The first half of the evening is somewhat disorientating and certainly slow. We are introduced to a gender-swapped Victoria Frankenstein, which is left unexplained, and the skin colour of her companion, Henry, is addressed in a throwaway remark, making both these innovations irrelevant. The dwarfism of Frankenstein’s assistant has poignant relevance when she provokes Frankenstein to acknowledge if she would indeed be allowed to exist as part of the Doctor’s experiments—but this point only gets made in the second half.

Writer and director Aydon needs to take some hard decisions and a sharp knife to bring the first half to life. Watching the cast run through repetitive scientific procedures on stage was prolonged and turgid. The pace is so slow it is almost like watching events in real time. It even seems to take an age for the creature to finally come to life, only to then rush off the stage as the curtains come down for the interval.

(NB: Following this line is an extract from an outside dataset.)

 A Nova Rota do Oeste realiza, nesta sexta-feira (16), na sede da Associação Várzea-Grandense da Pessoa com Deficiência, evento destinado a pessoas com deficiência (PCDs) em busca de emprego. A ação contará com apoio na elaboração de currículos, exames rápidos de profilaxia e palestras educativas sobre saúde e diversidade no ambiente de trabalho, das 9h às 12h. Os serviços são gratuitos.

As the second half gets underway, the play starts to get much more compelling, which is great because Aydon has pertinent points to make. Shelley warned us of the consequences of scientific progress in the 19th century; Séan Aydon’s 2023 adaptation imaginatively places the story in Germany between the wars. It is impossible to ignore the implications of interfering with nature and creating perfection or a super-strength army and the ominous associations with ‘the final solution’ and the promotion of the Aryan race.

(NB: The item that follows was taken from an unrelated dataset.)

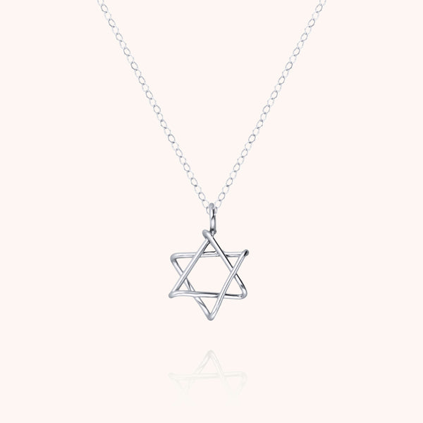 En or blanc 750/1000, l’étoile de David dévoile un éclat pur et moderne. Ce collier façonné à la main incarne la spiritualité et l’élégance, un bijou à transmettre de génération en génération.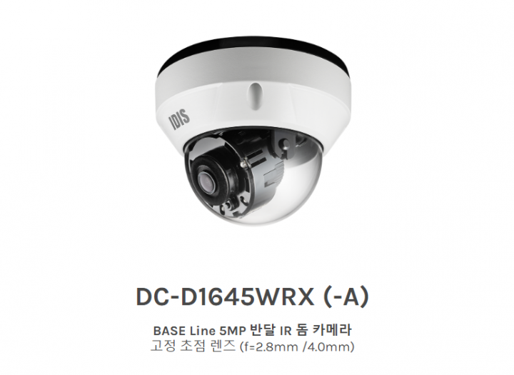 주요사양 | BASE Line 5MP 반달 IR 돔 카메라 |

Cameron Robertson (once we get to see him) gives an immensely physical and visceral performance as the creature, managing perfectly the balance of intelligence and threat of violence in the creature and a corresponding feeling of empathy, repulsion and danger in the audience. Prosthetics often get overlooked, but Missy Brazier should get a mention here. Eleanor McLoughlin as the Doctor also puts in a good performance. Annette Hannah, as the assistant, in her professional stage debut, makes the powerful challenge to Frankenstein.

Set designer Nicky Bunch creates a magnificent, huge gothic laboratory space on which much of the action is placed, rotating specimen cabinets and collapsing the set as the action returns to the desolate landscape for the finale, supplemented by Eammon O’Dwyer's compositions.

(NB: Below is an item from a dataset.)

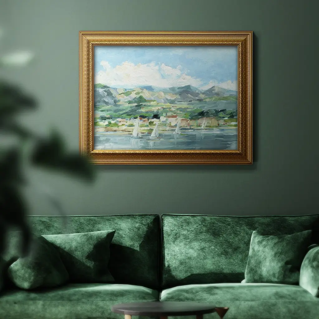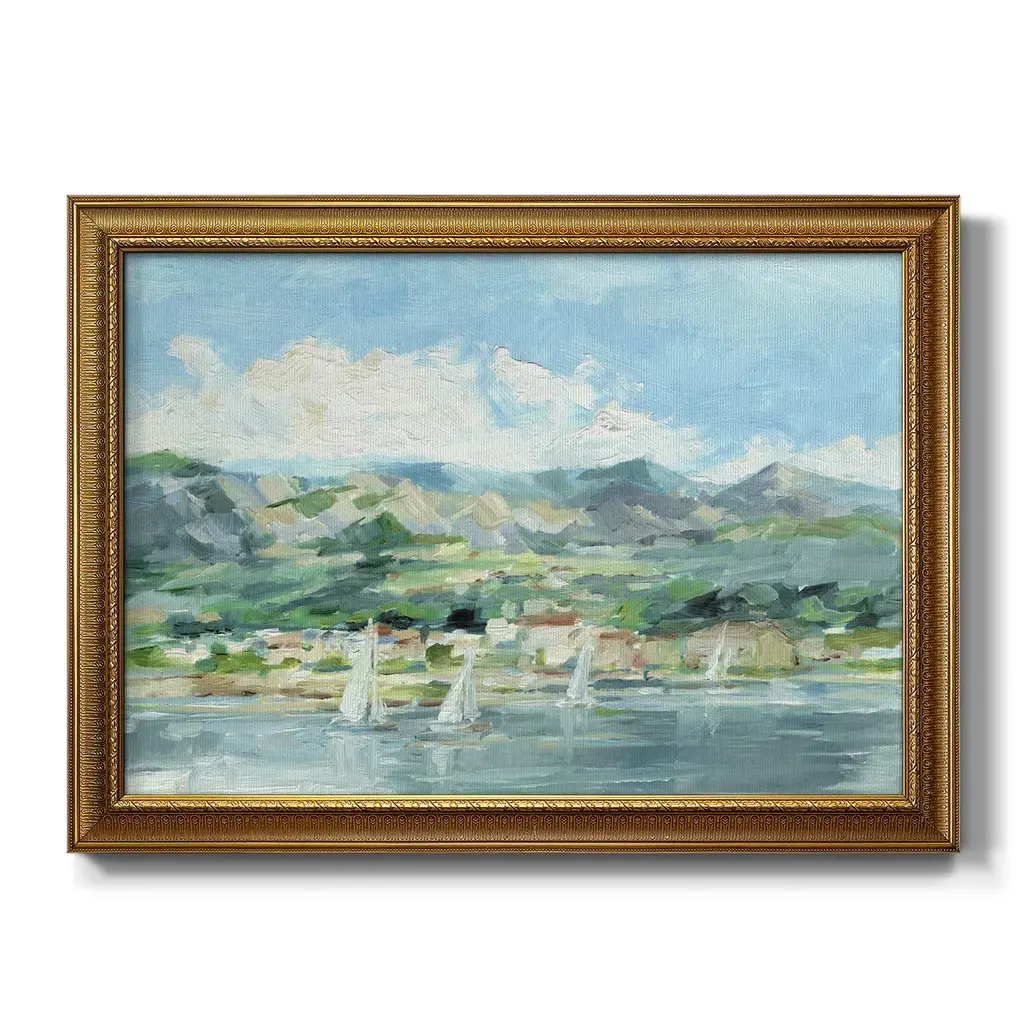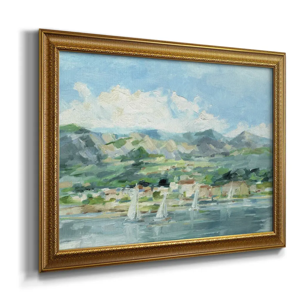 Sailing Along the Coast II Premium Framed Canvas- Ready to Hang A Premium Framed Canvas created to last. Framed in distressed wood and available in an array of sizes and colors Featuring a beveled a solid wood stretcher bar, each piece comes ready to hand 3 SIZES AVAILABLE 16''X20'' - Overall Size 18'X27'' - Overall Size 24''x36'' - Overall Size Each piece is made to order. Each piece comes with hanging hardware. Made in the USA Ready to Hang Giclee Paper Print Acrylic Glass Beveled Matt Board

Once we get to the second half and it becomes clear what is Aydon is up to, the production does finally come alive, but it is a long wait. It is astounding to think how the foresight of an 18-year-old at the beginning of the 19th century still resonates today. As medical improvements bring the introduction of gene editing and advancements in AI, it is important to keep asking ourselves the same questions.